Eleven years later, in 1915, a group of Independence War veterans headed by General Jesus Rabi signed a document asking Pope Benedict XV to name the Virgin of Caridad del Cobre Cuba’s patron saint, a petition granted by His Holiness.

On June 7, 1935, under Decree Law No. 208, then provisional President Carlos Mendieta decided to create a Cuban delegation to the Holy See.

A document naming Monsignor Giorgio Giuseppe Caruana Apostolic Nuncio of Havana was signed by Vatican Secretary of State Cardinal Eugenio Pacelli on September 11, 1935. Four years later, Pacelli would become Pope Pious XII, notorious for having blessed the fascist troops (and not the Allies) during the Second World War.

In the more recent struggle for liberation, many of the rebels led by Fidel Castro also felt accompanied in their longing for justice and freedom by the syncretic deity known as Ochun among followers of Afro-Cuban religions.

As for the Catholic Church, after the triumph of the revolution in 1959, the high echelons of the clergy and some parish priests opposed the measures advanced by the new government, helping conceal criminals fleeing from justice and attacking the ogre of “communism,” not knowing what that ideology proposed.

Later, thousands of children were sent to the United States by their parents through arrangements made by the clergy in what was dubbed Operation Peter Pan.
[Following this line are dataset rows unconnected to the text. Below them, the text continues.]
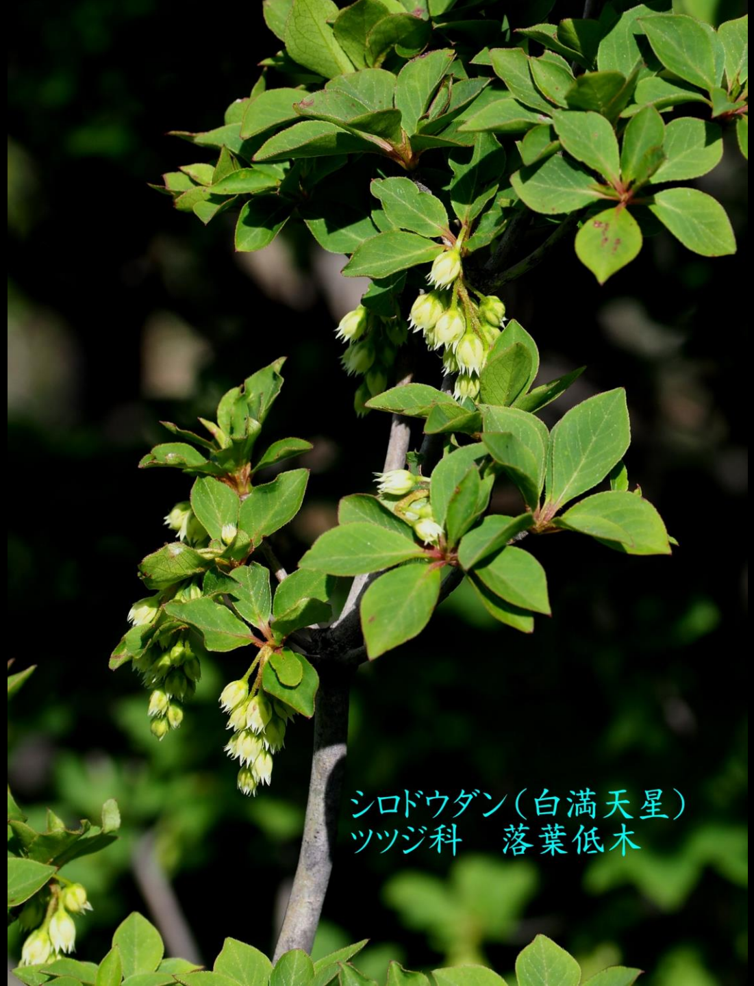
シロドウダン(白満天星) ツツジ科 落葉低木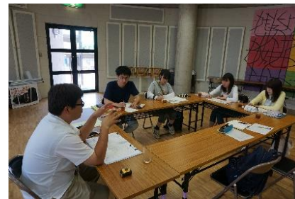
「ふるさと村」での打ち合わせの様子(H28年度)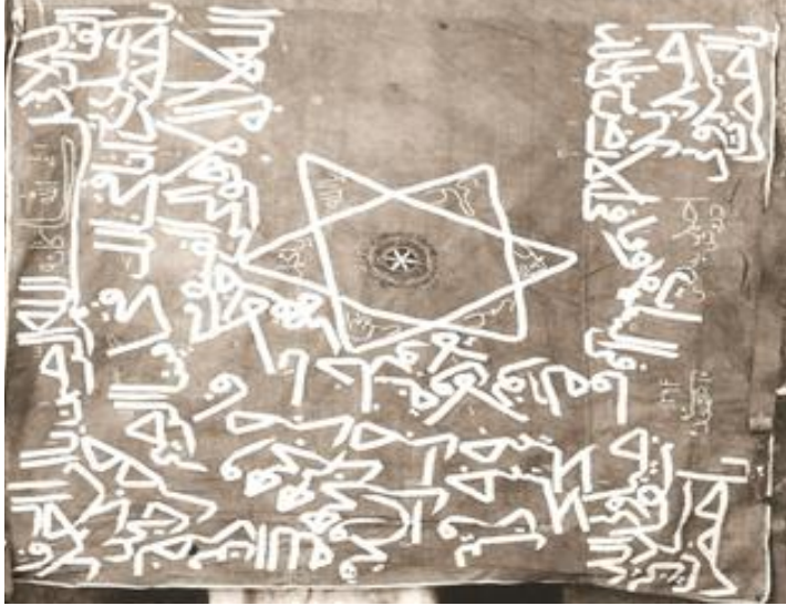
Şekil 2. Üzerinde Âyete'l-Kürsî, “Yâ Hazreti Abdülkâdir Geylânî” yazısı ve mühr-i Süleyman nakşedilmiş bir sancak

Dolayısıyla tarikat kıyafetleri alelade unsurlar olarak görülmemekte, bu kıyafet ve eşya manevi bir kökene atıfta bulunmak suretiyle manevi yükselişi ifade etmektedir. Tâc, hırka, çerağ, sofrâ ve seccâde, alem gibi kıyafetler ve tarikat eşyası, karizmasını ruhani bir silsileden almaktadır (Anonim-2, ty: 1 a , 8 b ). Buna göre Allah'ın emri ile önce Cebrail vasıtasıyla Hz. Peygamber'e sonra sırasıyla, Hz. Ali, Ahmed Yesevî ve Hacı Bektaş-ı Velî'ye intikal eden emanetler dört kapı kırk makam düsturu çerçevesinde sembolik değer taşıyan unsurlar olarak görülmektedir. Seyahatleri sırasında sık sık tekke ziyaretleri yapan Evliya Çelebi, Tosya'daki Koyun Baba Türbesi'nde bulunan emanetlerin, Ahmed Yesevî'nin Hacı Bektaş-ı Velî'ye verdiği zikredilen mukaddes eşyalar olduğunu iddia eder ve şöyle der: Koyun Baba bizzat Hacı Bektaş'ın halifelerindendir. Tekkeyi gezip görerek fukaraları ile konuştuk ve Baba nimetlerinden yedik. Hâlâ nurlu kubbelerinde o hazretin Hacı Bektaş Velî'den aldığı fakirlik nişanelerinden tâc, hırka, seccâde, tabıl, alem, kudüm, pallhenk, asâ ve tâc saklıdır (2003: 1-525). Hatta Allah'ın Hz. Âdem'in tevbesini kabul ederek tekrar sırtına keramet hilatını, başına ise saadet tâcî geçirmesi ve altına hilâfet seccâdesini de döşeyip beline ise ibadet kemerini kuşatması tasavvufî bir kabuldür (Kara, 2008: 382).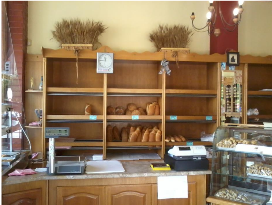
Εικόνα 16: Ο πάγκος πώλησης

Εδώ παρατηρούμε τη μπουγατσιέρα, προσβάσιμη μόνο στην πολήτρια, που περιέχει κυρίως είδη μπουγάτσας, όπως μπουγάτσα με κρέμα ή με τυρί, είδη σφολιάτας μικρού και μεγάλου μεγέθους και πίτσες ατομικού και μικρότερου μεγέθους. Από τη μια άκρη της μπουγατσιέρας, βρίσκεται ο πάγκος του πωλητηρίου, με τη ζυγαριά, τις κόλλες που τυλίγεται το ψωμί και την ταμειακή μηχανή. Από την άλλη μεριά της μπουγατσιέρας, βρίσκεται το ξύλινο έπιπλο που περιέχει το ψωμί. Αποτελείται από τρεις προθήκες στο επάνω μέρος και τέσσερα χωρίσματα. Στο κάτω μέρος υπάρχουν τα ντουλάπια, στο επάνω μέρος υπάρχουν δύο διακοσμητικά που απεικονίζουν μπουσούλα γεμάτα με στάχνα. Στη μικρή κολώνα του πρώτου χωρίσματος του επίπλου, υπάρχει το ρολόι, στη δεύτερη ένα διακοσμητικό «μάτι», στο τρίτο χωρίσμα υπάρχει καθρέφτης με μια εικόνα της Παναγίας και του Χριστού, τέσσερις φωτογραφίες των γιών του αφεντικού και χαρτάκια post-it κολλημένα για υπενθυμίσεις παραγγελιών (εικ. 16).

These children were taken in by US families, causing traumas that many people endure to this day.

The example that always comes to mind is that of Nuncio Cesare Zacchi, who had the merit of correctly interpreting the codes of Cuba’s political process, helped maintain relations with the Church and maintained a personal friendship with Fidel Castro.

Another important figure in terms of bilateral relations between the Church and Cuban government was journalist and writer Luis Amado Blanco, ambassador to the Holy See for over a decade.

Despite moments of disagreement on some issues, these relations are full of positive elements and periods of collaboration.